Automated training and exercise adjustments based on sensor-detected exercise form and physiological activation
Abstract
The invention(s) described are configured to process sensor data in order to optimize or otherwise improve training of users for achievement of goals in relation to performing an activity. The invention(s) can also iteratively adapt training in a personalized manner, with assessment of training results and subsequent modification of training regimens, in order to provide improved alignment between users and their goals. Such iteration can drive interventions provided to users throughout the course of training, and allow the system to iteratively develop better and more precise interventions (e.g., through manual means, through machine learning models with generated training and test data). Such iteration, with large datasets applied to populations of users can also increase the breadth of user states that the can be addressed, with respect to provided interventions, and improve rates at which interventions are provided.
Claims
exact text as granted — not AI-modifiedWhat is claimed is:
1 . A method comprising:
receiving a set of signals related to user performance of an activity, from a garment worn by a user, the garment including a set of sensors configured to generate the set of signals; extracting a performance dataset upon processing the set of signals, the performance dataset characterizing form and exertion features across a set of muscles of the user in association with performance of the activity, wherein determining the performance dataset comprises generating, for each of the set of muscles, a value of normalized activation relative to a baseline activation for the set of muscles of the user; generating, from the performance dataset, an analysis of the user performing the activity based upon a comparison to a reference profile associated with a goal of the user; generating a recommended action based upon the analysis and executing the recommended action through an exercise feedback system in communication with the garment; and promoting engagement between the user and the exercise feedback system based upon the analysis and in coordination with executing the recommended action, wherein promoting engagement comprises returning, for communication to the user, an output indicating performance of the user relative to performance of a competitor.

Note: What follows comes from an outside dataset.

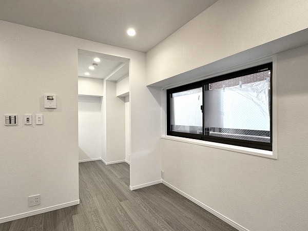 メインルームは玄関を入ってすぐ正面に配置され、住まいの第一印象を担う空間。縦長の間取りが奥行きを生み、視線が自然と抜けることで実際以上の広がりを感じさせます。ソファやダイニングの配置次第で、暮らしの表情を自在に描ける一室ですよ。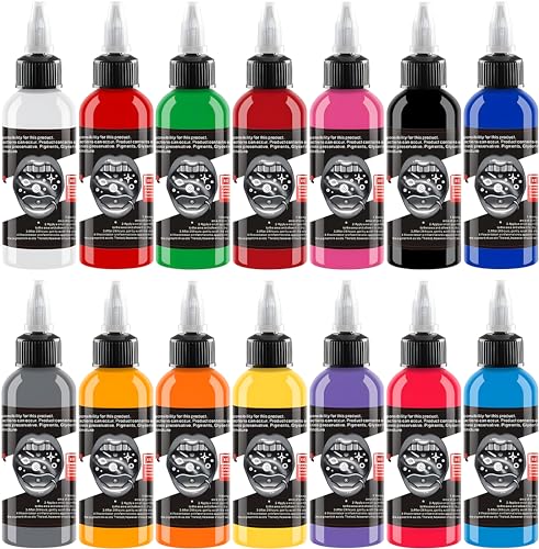 DLD 14 delar professionellt tatueringsbläckset (1 oz 30 ml/flaska) fullfärgs tatuering rent pigment bläck permanent tatuering tillbehör för mikroskulptur makeup skönhet kroppsmålningskonst.

2 . The method of claim 1 , wherein the set of signals related to user performance of the activity comprises signals derived from one or more of: a subset of the set of muscles being activated, temporal aspects associated with activation of the subset of muscles, and intensity aspects associated with activation of the subset of muscles.

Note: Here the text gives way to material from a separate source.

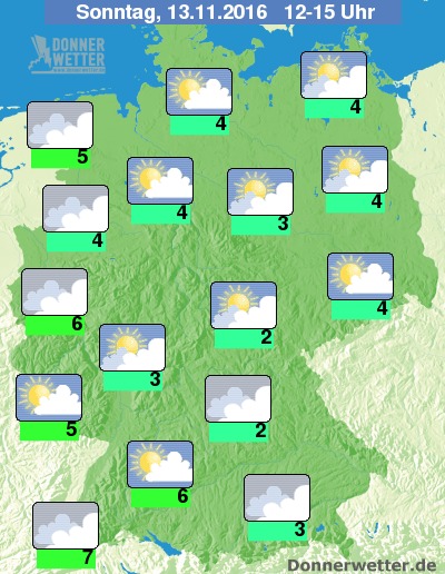 Heute Nachmittag halten sich vor allem in den westlichen Landesteilen und im Alpenvorland oft dichte Wolken oder es ist neblig-trüb, sonst zeigt sich zwischen den Wolken aber auch häufig die Sonne und gebietsweise ist es sogar sonnig, zudem bleibt es überall trocken. Die Temperatur liegt bei 2 Grad in Mittelfranken und um 7 Grad im Breisgau.

3 . The method of claim 2 , wherein extracting the performance dataset further comprises: extracting form, balance, and exertion of the user during performance of the activity, upon processing the set of signals with a performance model configured to transform the set of signals into values of features of the performance dataset.
4 . The method of claim 3 , wherein generating the analysis further comprises generating a characterization of performance of the activity by the user in relation to the reference profile.
5 . The method of claim 1 , wherein the baseline activation is derived from a maximum exertion value of at least one of the set of muscles of the user.
6 . The method of claim 1 , wherein the goal of the user is adjusted based on user input associated with a lifestyle constraint of the user.
7 . The method of claim 1 , wherein the recommended action comprises a rendering of digital objects informative of user performance toward the goal at a second resolution more detailed than a first resolution associated with physical observation of the user, wherein the rendering is provided to a client device.
8 . The method of claim 1 , wherein the recommended action comprises sharing features derived from the performance dataset of the user with a cohort of entities associated with the user, within an online social network platform.
9 . The method of claim 1 , wherein the reference profile comprises a set of target activation features derived from an athlete performing the activity.
10 . The method of claim 1 , wherein the recommended action comprises a set of control instructions configured for delivery to an exercise equipment associated with the activity.
11 . The method of claim 10 , further comprising generating the set of control instructions upon inputting the performance dataset into a transformation model configured to return device settings, wherein the set of control instructions is configured to adjust settings of the exercise equipment used by the user in relation to performance of the activity.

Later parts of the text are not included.